Photo: Manoocher Deghati/IRIN
Almaz sometimes works in a market to support her children
ADDIS ABABA, 23 August 2007 (PlusNews) - Almaz Hailu*, 35, is an HIV-positive widow living with an aunt and struggling to raise two young children in Addis Ababa, the Ethiopian capital.

"Three years ago, I started to see my husband taking pills every night after dinner. I did not question him for a while, but I became more suspicious and worried about him when he did it regularly. One night, I asked him if he is in good health. He persuaded me that he was overloaded with work and the doctor prescribed him a vitamin to give him liveliness.

"I admitted that I was also losing energy and getting tired, and asked him if I could share his 'vitamin'. He warned me that it was not good for a woman's health - I believed him.

"Three years later, he got very sick and was admitted to a hospital. On the second day of his admission, the doctor approached me and advised me to get tested for HIV. I almost collapsed and refused to accept the doctor's suggestion.

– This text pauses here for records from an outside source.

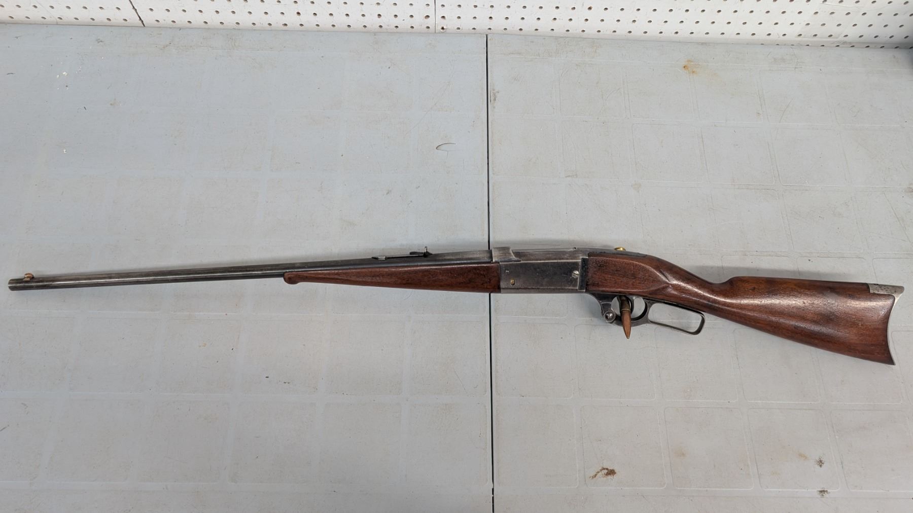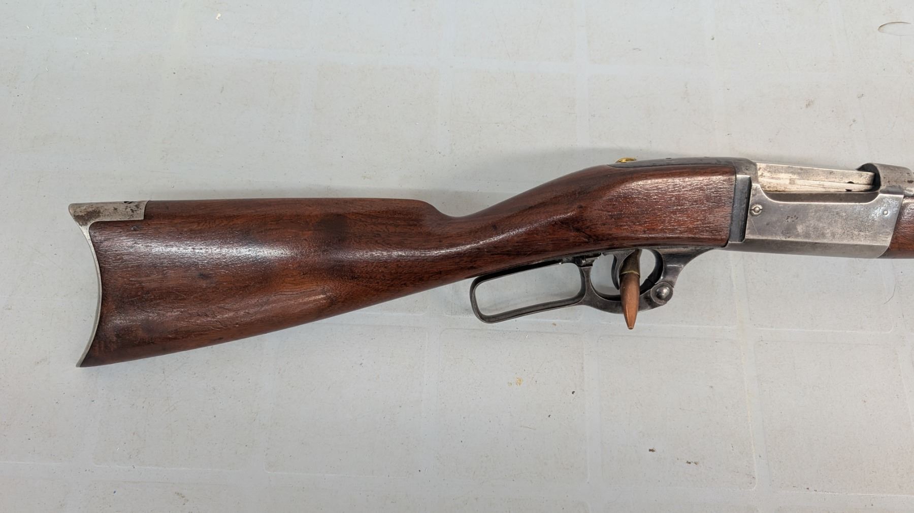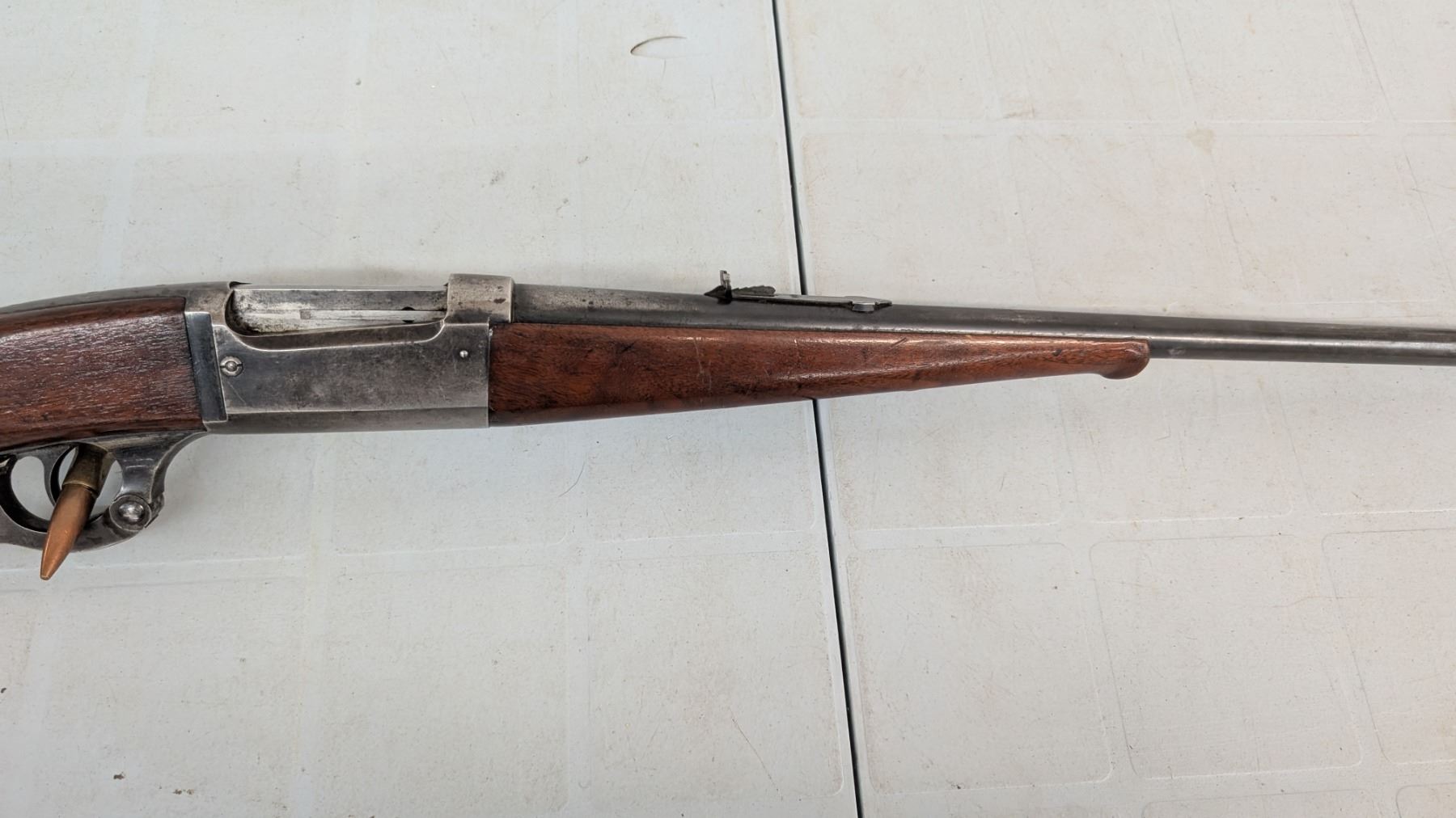 Lever action. Bore is shiny with lots of rifling. lots of blue still present in protected areas. Trigger tang safety model brass rotary magazine. 26" barrel. Stocks are in excellent condition.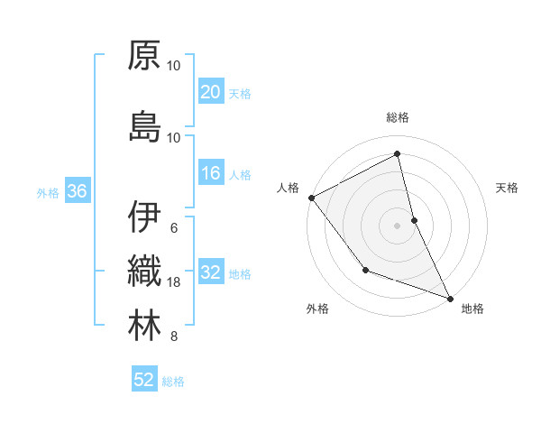 原島 伊織林さんの総格は52画の4点!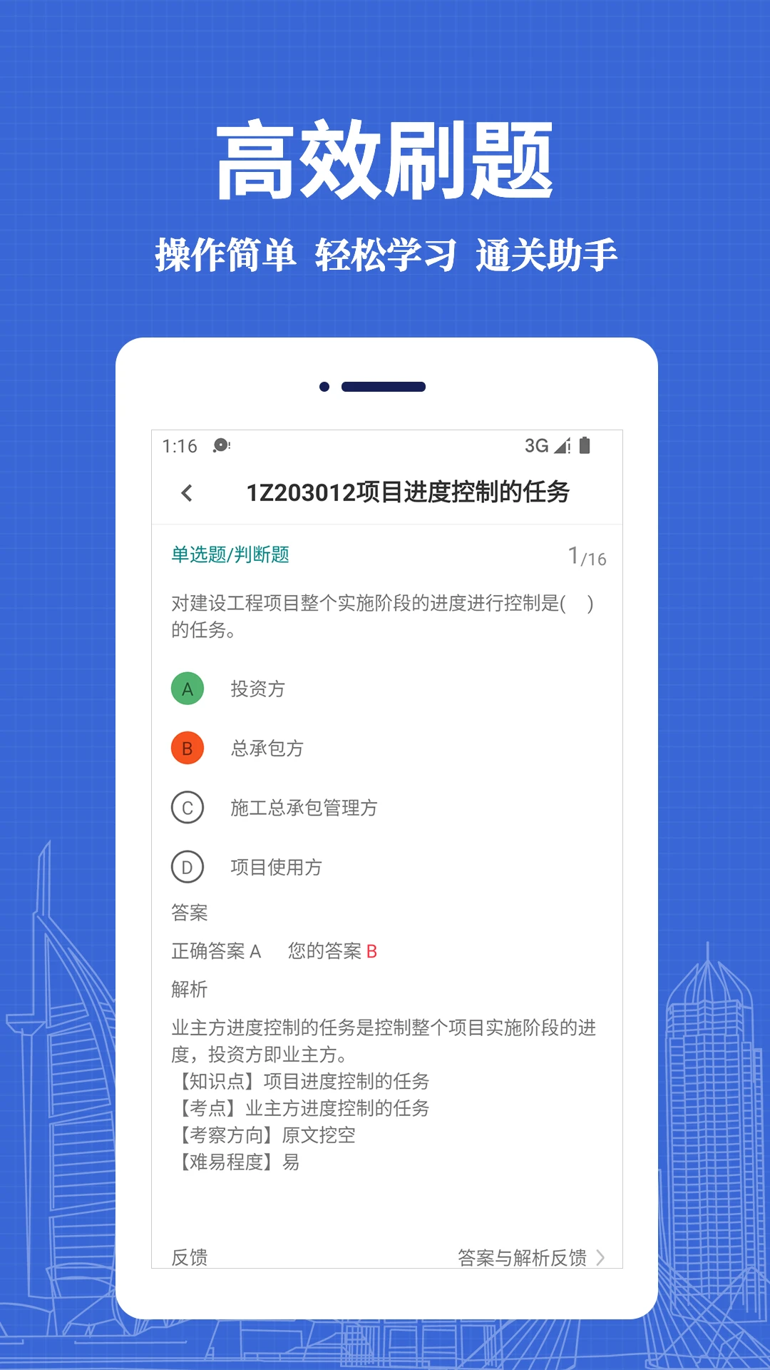 一级建造师考试题库是一建考试好帮手,新考试大纲,包含:《项目管理》、《工程经济》、《建筑工程》、《民航与机场》、《市政工程》、《水利工程》、《公路工程》、《矿业工程》、《港口与航道》、《铁路工程》、《工程法规》、《机电工程》、《通信与广电》等科目,一级建造师考试题库覆盖了考试大纲内全部考点,本题库包含章节练习、押题密卷、历年真题、模拟试题、高频题库等,专注一建学员高效备考,顺利通关。功能介绍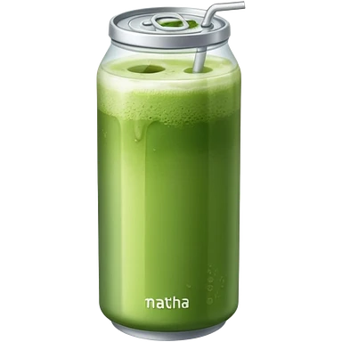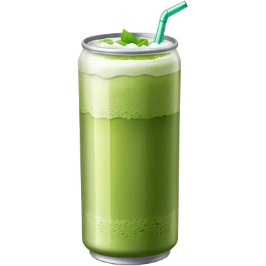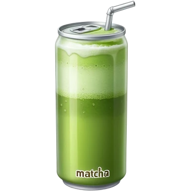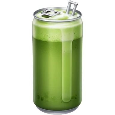 Create an emoji-style illustration of a tall, transparent can-shaped drink filled with iced matcha. The top is sealed with a silver metal pull-tab lid. The drink has a green matcha layer on top that gradually fades into a milky white layer at the bottom. The can is sleek and minimalist. emoji
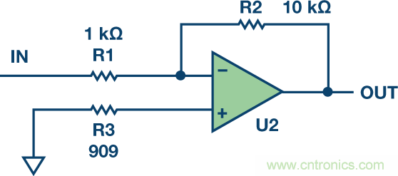 在同相接地輸入端增加一個與輸入電阻R1和反饋電阻R2的并聯組合相等的電阻(圖1中的R3),可以讓阻抗相等。做一些計算可以證明,誤差降至Ioffset × R feedback 。由于I offset 為I bias 的10%到20%,所以這會有助于降低輸出失調誤差。

"I kept telling the doctor that I do not need to be tested since I had never slept with anyone else except my husband. It did not occur to me that he was the one who was sleeping around.

"The doctor insisted [on the HIV test] and I found out about my status. I collapsed, and when I woke up the doctor informed me that I could live for years if I start taking the ART [antiretroviral therapy]. From then on, I have been on ART.

"My husband confessed that he knew his status for three years and did not tell me, fearing that our family and neighbours would discriminate against us. He said the fact that the HI virus is sexually transmitted shamed him.

"My husband died shortly afterwards and everything changed for my family from that day on. He was the breadwinner, so now I am burdened to provide food for my children. Thanks to a widowed aunt, I am now sharing a small room with my two children.

"I have no education; the only thing I can do is domestic work. Whenever I have the energy I help my aunty at her market stall, and also do some domestic work in our vicinity.

"Until I die, I have committed myself to send my children to school, because I do not want them to go through what I have been through just because they are not educated."

rm/kr/he

*Not her real name


Theme(s): (IRIN) Care/Treatment - PlusNews, (IRIN) Gender - PlusNews, (IRIN) PWAs/ASOs - PlusNews, (IRIN) Stigma/Human Rights/Law - PlusNews

[ENDS]

[This report does not necessarily reflect the views of the United Nations]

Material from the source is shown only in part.